January 12, 2010 06:03 pm | Updated January 13, 2010 02:10 am IST - New Delhi

The three-day India-Pakistan conference of civil society activists to frame a roadmap to peace ended here on Tuesday with a draft declaration calling for resumption of the composite dialogue and undertaking confidence building measures, including resolution of the Siachen dispute.

The meet attracted the participation of Indian and Pakistani civil society activists from several areas including, theatre, media and academics, besides former service personnel and diplomats. The event was organised after a long hiatus with the intention to kick-start the peace process which was halted following the Mumbai terror attacks in November 2008.
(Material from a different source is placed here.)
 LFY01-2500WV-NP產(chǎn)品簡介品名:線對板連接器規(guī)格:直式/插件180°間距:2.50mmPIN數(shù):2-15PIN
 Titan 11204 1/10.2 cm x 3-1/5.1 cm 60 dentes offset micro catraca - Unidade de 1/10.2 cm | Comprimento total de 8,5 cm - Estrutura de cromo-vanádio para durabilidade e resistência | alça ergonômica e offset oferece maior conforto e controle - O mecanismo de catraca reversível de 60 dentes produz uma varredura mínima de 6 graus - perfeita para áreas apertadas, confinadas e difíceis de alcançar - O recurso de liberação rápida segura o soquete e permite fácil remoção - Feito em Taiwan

Apart from securing a consensus on the draft declaration, the activists also resolved to take measures that would ensure greater people to people contact. For instance, it was decided to collect 200 signatures from Parliamentarians in India and a good number of their Pakistani counterparts seeking a visa on arrival scheme for children and senior citizens.

Speakers at the afternoon session on media and culture and later at the concluding session urged Indian diplomats and intelligence agency personnel to learn humility. They also spoke against the large scale and often indiscriminate arrests of fishermen and felt Track –II dialogue had been reduced to being the “handmaiden” of the government. People engaged in Track-II talks had hardly any independence and dialogue depended on the will of the government.
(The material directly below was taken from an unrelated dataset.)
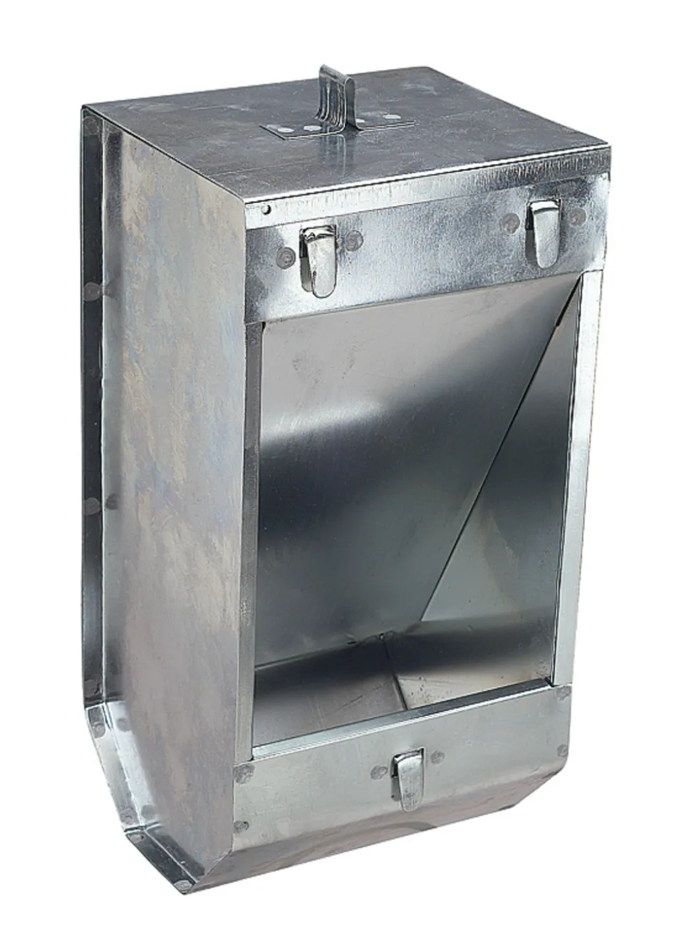 Mangeoire à 1 compartiment, de grande taille, pour lapin ou lapin nain. Cette mangeoire s’installe à l’extérieur d’un clapier ou d’une cage à l’aide de ses fixations. Cette mangeoire, ou trémie, est en métal galvanisé, elle est donc très résistante. Elle est équipée d’un couvercle qui permet de garder la nourriture propre et sèche et de garantir un remplissage facile. Cette mangeoire pour lapin est idéale pour un à 2 lapins ! Caractéristiques de la mangeoire pour lapin à 1 compartiments : Dimensions : hauteur 23 cm, profondeur 11 cm. largeur 13 cm. Nombre de compartiments : 1 Matériel : métal

Some speakers also wanted the next conference not to take up as many issues as was the case this time, while some wondered if it was time to form an action group that would pursue sentiments expressed at the meet.
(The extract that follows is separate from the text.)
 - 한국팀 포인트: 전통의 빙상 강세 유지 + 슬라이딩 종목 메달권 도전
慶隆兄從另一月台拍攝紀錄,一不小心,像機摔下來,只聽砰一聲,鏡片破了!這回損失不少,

For the second successive day the conference saw commotion. But this time the differences were within the peace activist community, unlike on Monday when uninvited Kashmiri Pandit migrants protested and tried to disrupt Jammu and Kashmir Liberation Front leader Yasin Malik’s address.

Pakistani theatre personality Madeeha Gauhar registered her protest on the decision by the organisers not to allow a performance by her theatre troupe Ajoka on the plea of paucity of time. Ms. Gauhar had ensured visas for her entire troupe when assured that it will be allowed to stage a performance here. Jailed repeatedly for staging anti-establishment dramas and participating in human rights protests, Ms. Gauhar set up Ajoka in 1983 when oppression by military dictatorship was at its peak. The aim was to promote a secular, humane, just and egalitarian society. The first play was performed outdoor in Lahore in defiance of strict censorship laws.

Joint mechanism

Noted Pakistani human rights activist and lawyer Asma Jahangir on Tuesday suggested a joint mechanism of think tanks within civil societies of both India and Pakistan to discuss issues relating to the two countries.

“Think tanks should be formed within civil societies to identify issues and formulate strategies to tackle them,” she said at the India-Pakistan Conference — A Road Map Towards Peace.

Pointing out that all political parties, women’s groups and civil society members were fighting against a “very sinister political agenda” of the Taliban elements, who were using religion to carry forward their agenda, Ms. Jahangir said the people of Pakistan needed not sympathy, but “support and understanding” from the people of India.

“Taliban and terror elements are forcing people to embrace their ideology, and into their way of thinking and want to subjugate the people into their brand of Islam. If Lahore is Talibanised, Amritsar is not far away,” Ms. Jahangir said .

Addressing a session on the third and concluding day of the conference on “Militancy, joint mechanism and role of U.S.,” she said her country was experiencing a “fragile democracy” and going through a phase of “transition which is like walking on eggshells.”

Ms. Jahangir said Prime Minister Manmohan Singh has clearly shown that India wants peace with Pakistan. “All political parties in Pakistan are also very keen on having a workable relation with India. We have to strengthen this joint mechanism and the system so that it remains under civilian control and decisions are influenced by it.”